Ни звука в ответ. Обычно его прислужник и тюремщик открывал дверь комнаты уже после первого оклика. Теперь нет. Марат внезапно понял, что снаружи все изменилось, действительно изменилось. Китаец больше не придет. Он сбежал или убит.
Шальная пуля пробила стекло и отлетела, визжа, от прутьев решетки. Окно не разбилось, только пошло белыми трещинами. В нем осталась маленькое отверстие. Марат скатился со своей койки, лег на пол и замер. Он слышал, как надвинулись звуки улицы. В комнату ворвался надрывный крик смерти, потом наступила тишина. Марат учуял влажный жар. Воздух был горьким, вязким, полупрозрачным. Он пах кровью и жженой резиной.
– Алла-а-ак-ба-а-ар! – протяжно закричал кто-то.
– Алла-акба-ар! – ответил другой голос.
И снова протяжное «Алла-а-ак-ба-а-ар». Боевая молитва мусульман далеким эхом разносилась по затянутым дымом улицам. По этому крику отряды узнавали друг о друге. Сквозь затишье Марат начал слышать, что где-то еще тоже идет бой. Там без перерыва стрекотало и ухало. Звук был приглушенным и раскатистым, будто стреляли в десятке километров отсюда.
– Китаец! – закричал Марат. Его вдруг охватила ярость. Он умрет здесь от голода.
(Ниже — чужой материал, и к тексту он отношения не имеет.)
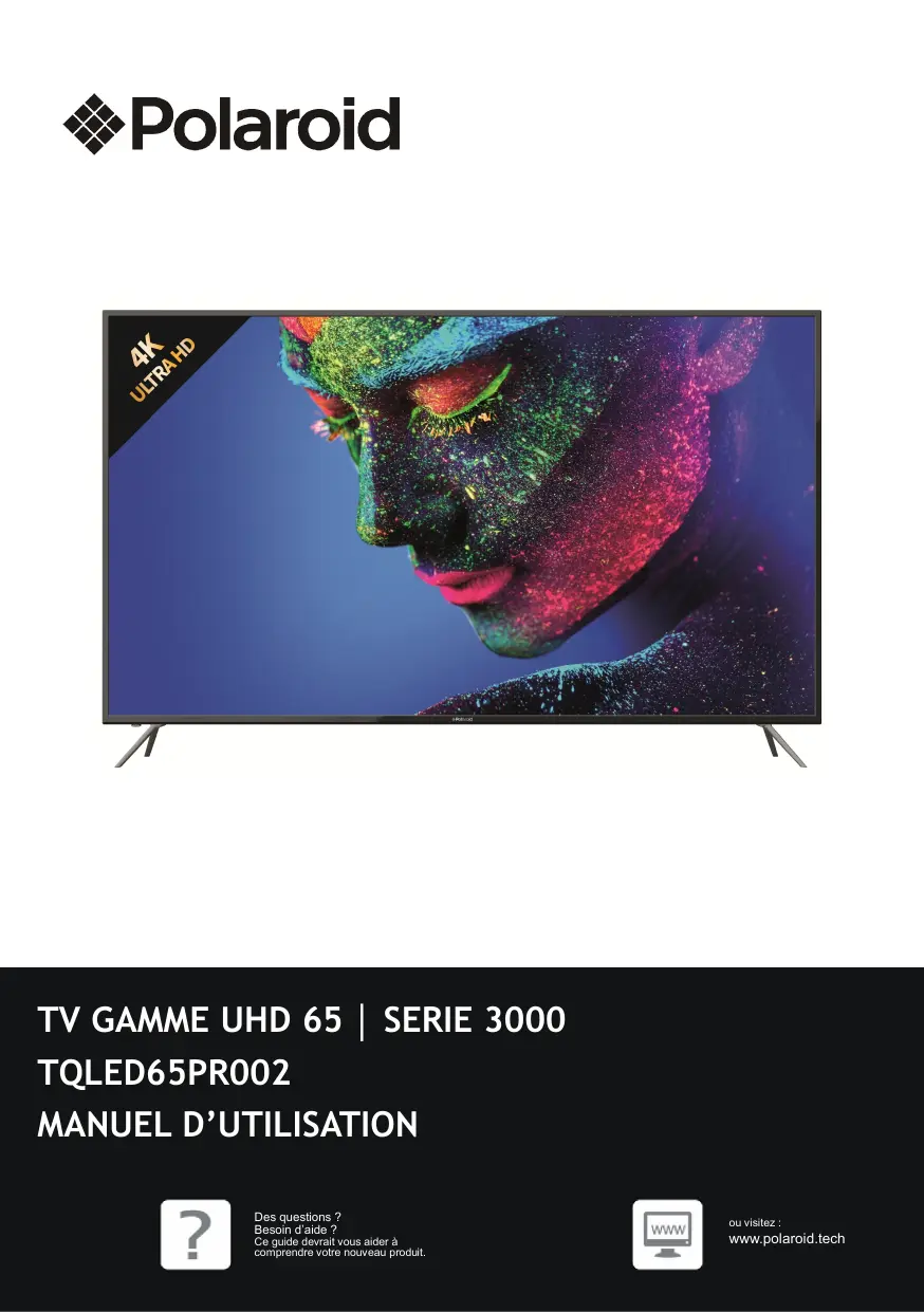 TQLED65P Série 3000 - TV 4K POLAROID - Notice d'utilisation et mode d'emploi gratuit
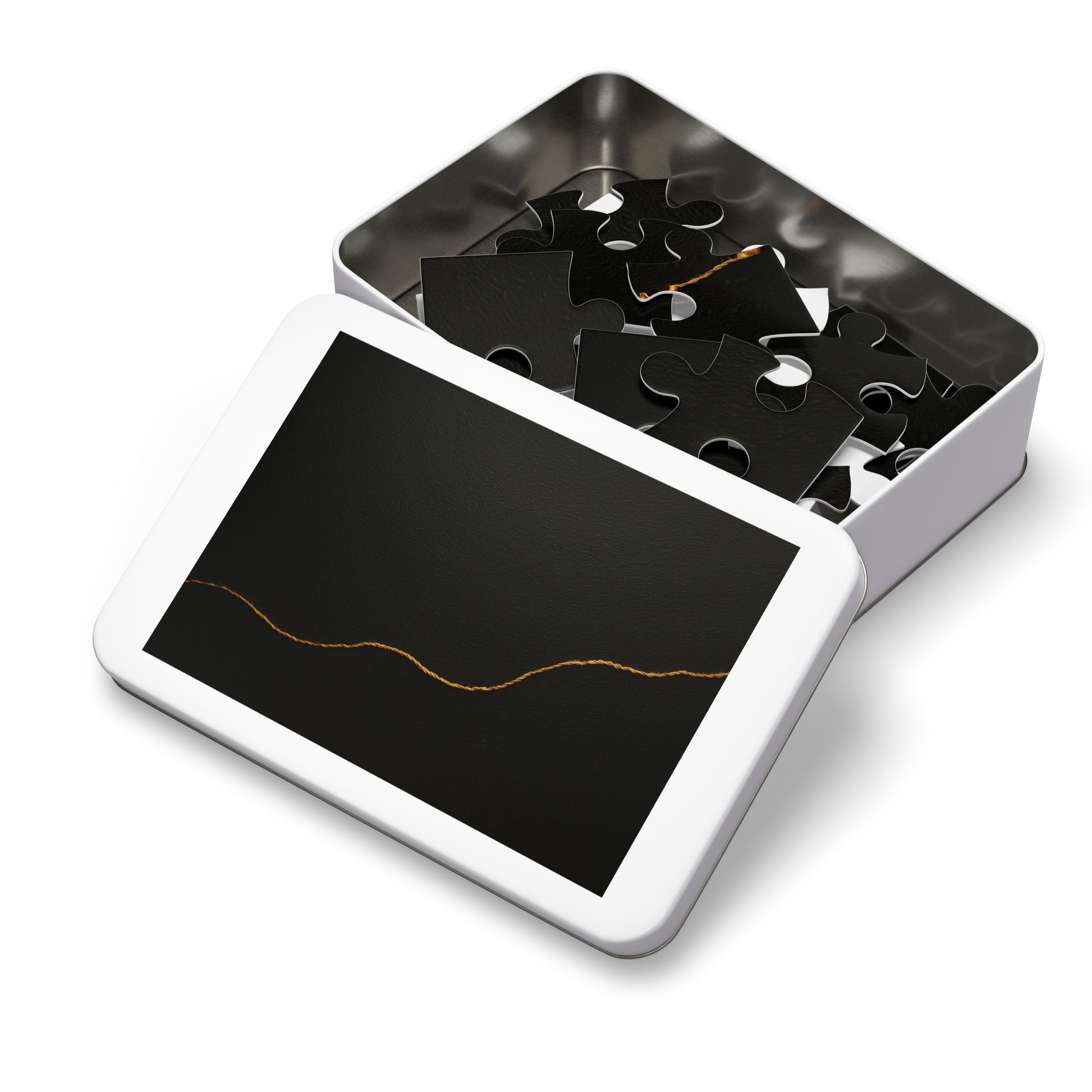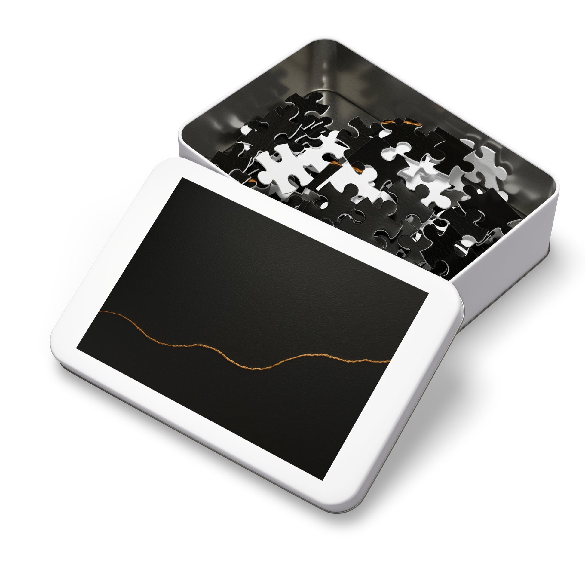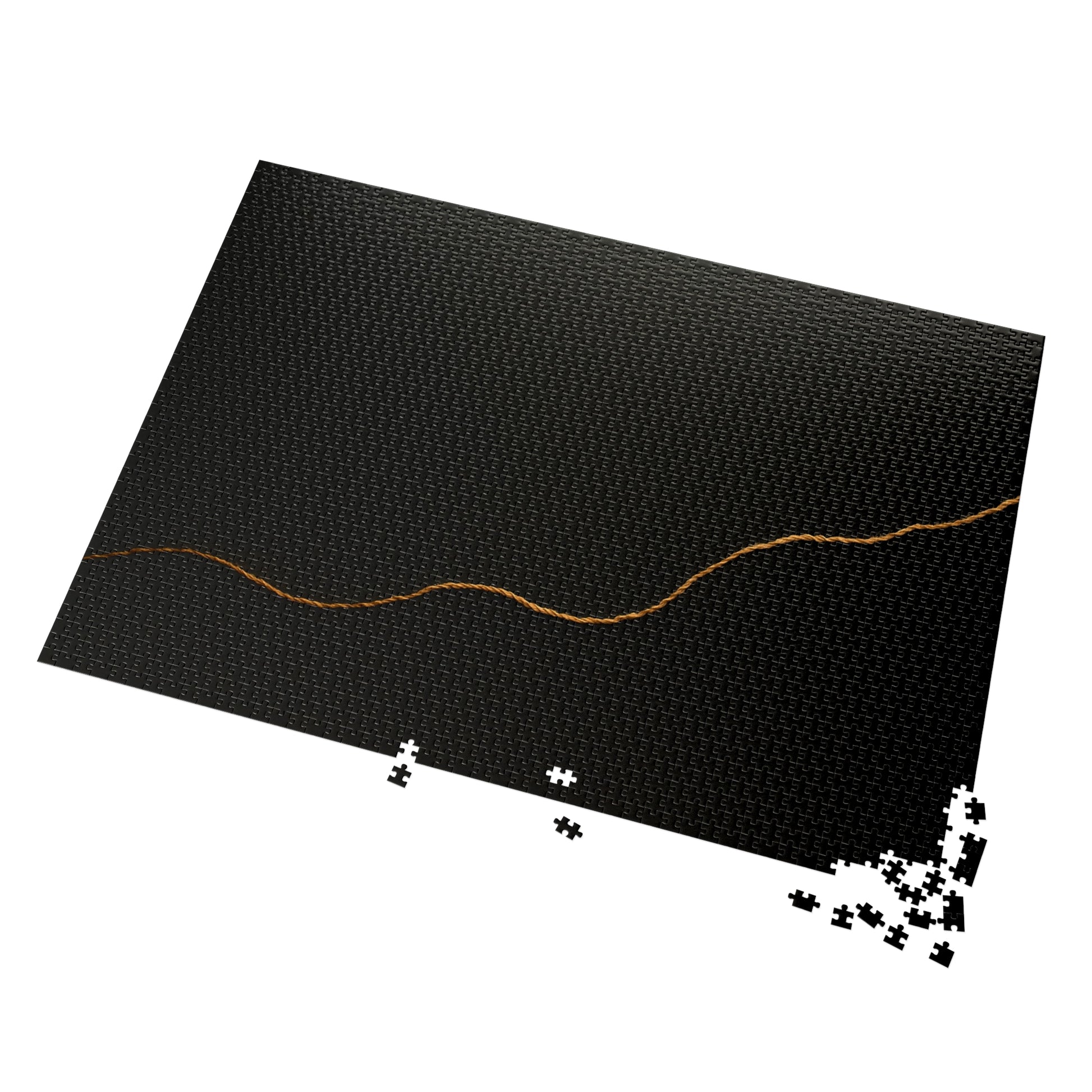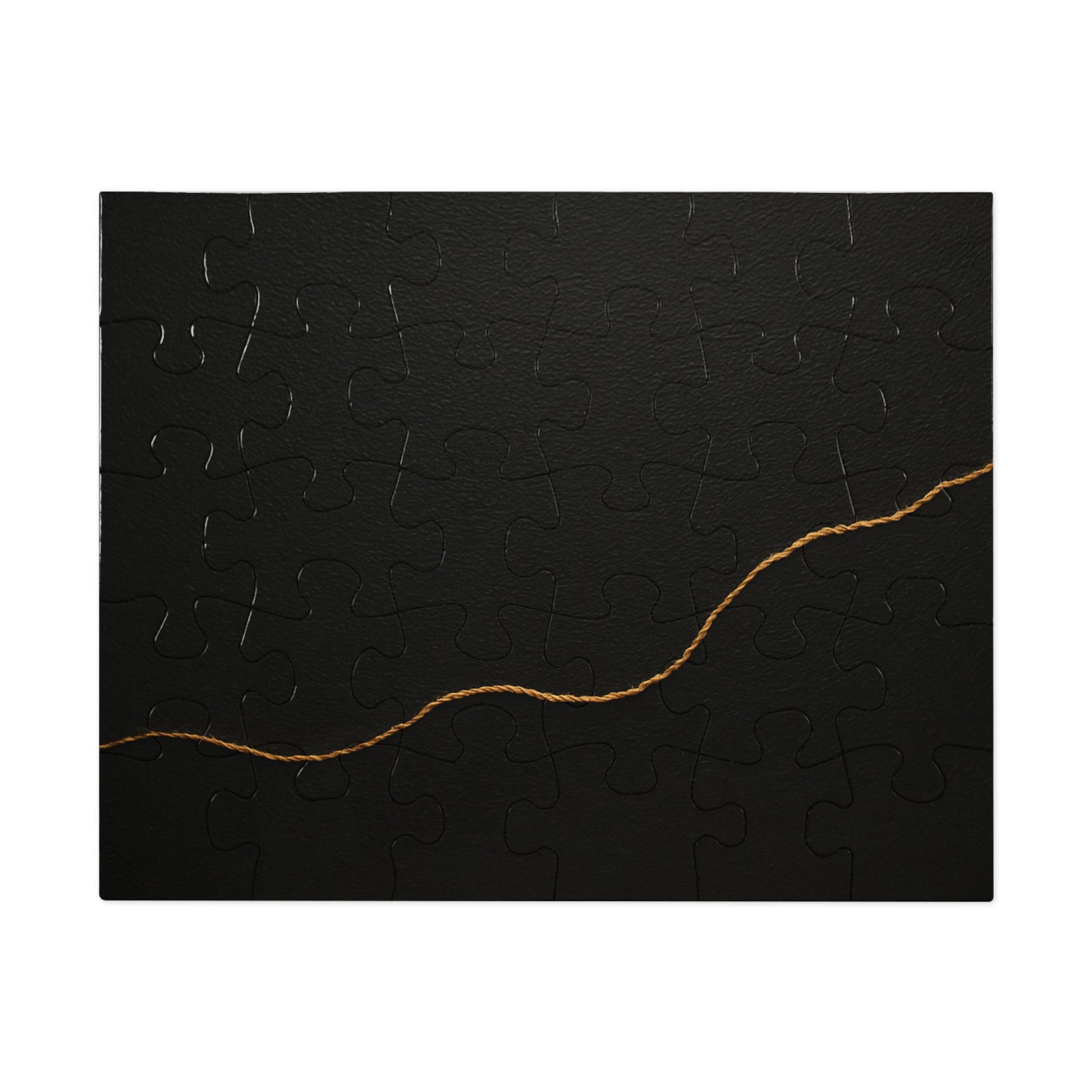Minimalist kintsugi energy—one luminous faultline against quiet, tactile black. Subtle texture makes pieces readable while preserving a refined, gallery feel.

Никто не позаботится о том, чтобы его освободить. Война будет катиться по этой земле в одну сторону, потом в другую, его окно будут пробивать пули, но никто и не подумает войти в запертый дом. Он подохнет здесь, подохнет без опия, пойманный в клетке с запахом испражнений и грязного белья. Они будут воевать, даже когда он съест свой брючный ремень и примется за пальцы ног. А когда все стихнет, и китаец вернется, его труп будет лежать в углу камеры, у исцарапанной стены, из которой он пытался выковырять прутья решетки. И тогда Буаньи узнает, что его незаконнорожденный сын умер. Наконец-то умер.
Марат встал, уперся лбом и руками в решетку. Он мог только просунуть голову в прижатое к полу окошко: его широкие плечи, сильными мышцами которых он так гордился, не пролезали через этот крошечный квадрат.
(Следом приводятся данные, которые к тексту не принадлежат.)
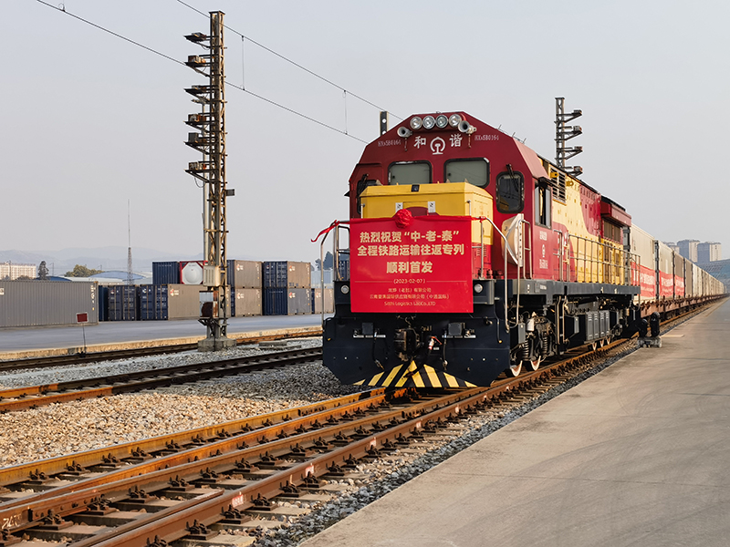 2023年2月7日,“中老泰”全程鐵路運輸往返班列首發(fā)列車從云南省中鐵聯(lián)集昆明中心站駛出。新華社記者 丁怡全 攝
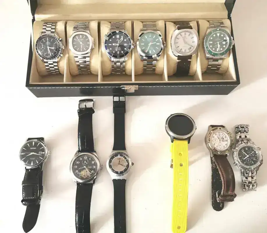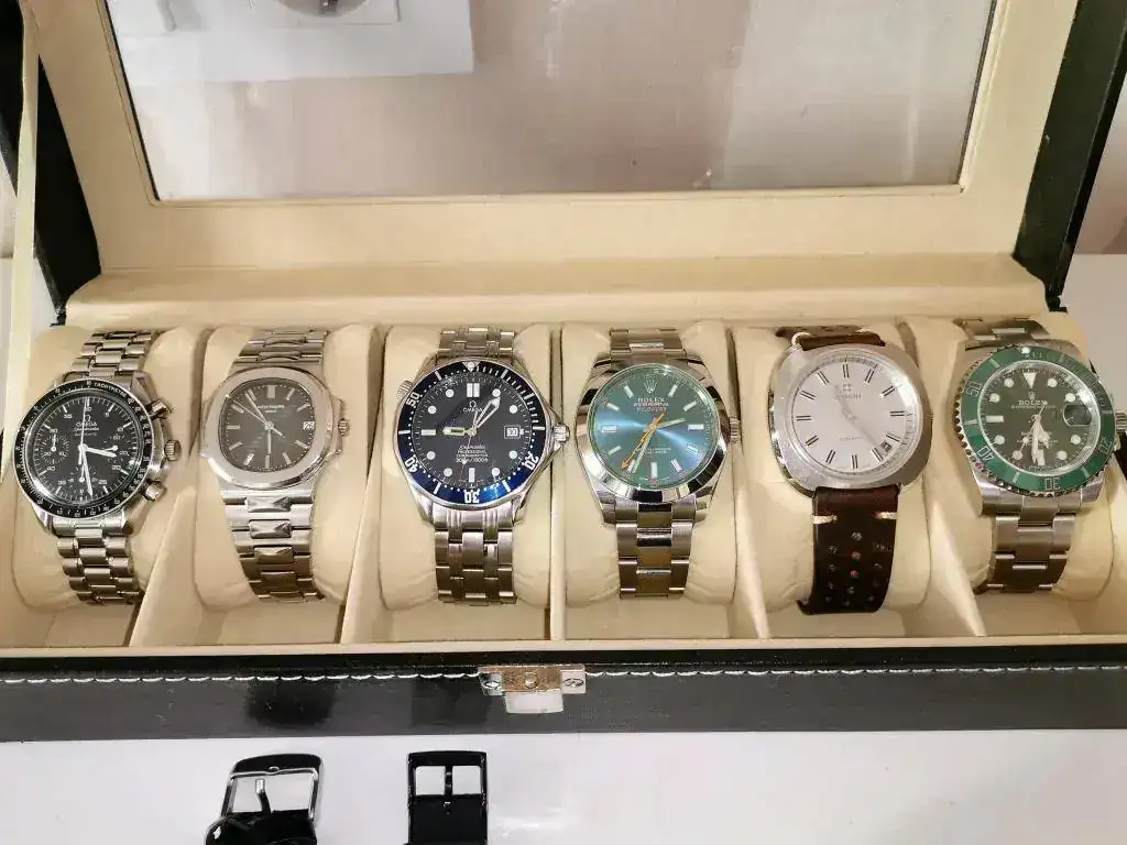 Fuera de la comodidad de la caja están el presage cocktail verde (aúnque en la foto no se aprecia bien su mágica esfera), un justina auto. del 97... Mi primer reloj automático.. Swatch y un par de quarzos de mi infancia..

– Я хочу опия! – потребовал Марат. – Опия! Старик, ты должен делать все, что я говорю! Так сказал отец!
Ему ответила тишина. Потом ее разорвали далекие звуки одиночных выстрелов. Снова раздался боевой клич исламистов. Марат затрясся, пытаясь сдвинуть решетку с места. Но трясся только он – прутья даже не дрогнули. И не дрогнут. Он знал это. Он давно пробовал сделать с этой решеткой все, что мог. Он вис на ней и раскачивался. Он перетачивал ее прутья ребром миски, поднимал свою железную койку и бил ею о прутья. Китаец ему не мешал. Он лишь приходил иногда и спокойно смотрел своими прищуренными глазками, как безумствует его пленник. И теперь Марат мог сколько угодно биться об нее лбом.
– Отец! – заревел он. – Я тебя ненавижу. Ты отнял у меня все. Эй, ты, толстый черный ублюдок, который обрюхатил арабскую шлюху! Не отсох ли к старости твой член?
Марат захохотал, наслаждаясь собственным остроумием. Он упражнялся в нем так же долго, как ломал эти прутья.
– У нее был СПИД! Надеюсь, она заразила тебя! Ты бы уже сдох, если бы не французские врачи, да, богач?
Черный дым круглыми завитками просачивался сквозь дырку в окне. Дом молчал. За окном был пустой угол двора, пальмы и клочок неба, но Марат их не видел. Все поглотил смог. Гарь липла к тропическому туману, делая воздух совсем непроницаемым.
Из глаз Марата потекли слезы, но он не плакал. Его лицо искажалось усмешкой ненависти. Эту ненависть загнали ему в глотку. Он не мог причинить вреда ее предмету, и от этого она скисла, став противной, как этот липкий резиновый дым. Он ненавидел своего отца так, как только мог ненавидеть. От этого болела голова и распухали пальцы, каменными становились виски. Ненависть могла сделать опиумный дым теплым, но ее не хватало, чтобы сокрушить решетку.
Марат видел отца только раз. Он помнил его пеструю национальную рубашку и золотистые остроносые туфли-тапочки, его жирное лицо и его насмешки. Он помнил роскошный зал, в котором был пленником.